Sometimes we have internal resources that should be accessible from the Internet, like Web server, mail server or VPN server. In general, I recommend isolating those resources in a DMZ to protect your office LAN from the bad guys, but no matter how you choose to design, the process involves forwarding desired packets from router's external interface to a host inside. It 's really a fairly simple process.
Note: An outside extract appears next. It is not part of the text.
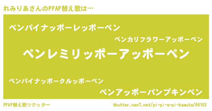 | 男性向けラノベタイトル風あだ名 | 『Re:れみりあから始める異世界生活』 |

Here's the configuration on a Cisco 2611 router:

Interface Ethernet0 / 1

ip address 12.1.2.3 255.255.255.0

ip nat outside

!

Interface Ethernet0 / 0

ip address 192.168.101.1 255.255.255.0

ip nat inside

!

ip nat inside source list 101 interface Ethernet0 / 1 overload

ip nat inside source static TCP 1723 192.168.101.2 interface Ethernet0 / 1 1723

!

access-list 101 permit ip any any

In the above configuration, Ethernet 0/1 is connected to the Internet public with a static address of 12.1.2.3 and Ethernet 0/0 is connected to the internal network with a static address of 192.168.101.1. Outside NAT is configured on E0 / 1 and NAT inside is configured E0 / 0. Access-list 101 works in conjunction with the "ip nat inside source list 101 interface Ethernet0 / 1 overload" statement to allow all inside hosts to use E0 / 1 to connect to the Internet sharing whatever IP address is assigned to the Ethernet interface E0 / 1.

The statement "overload" implements PAT (Port Address Translation), which makes it possible. (PAT allows multiple internal hosts to share single address on an interface by adding external port numbers for each connection.)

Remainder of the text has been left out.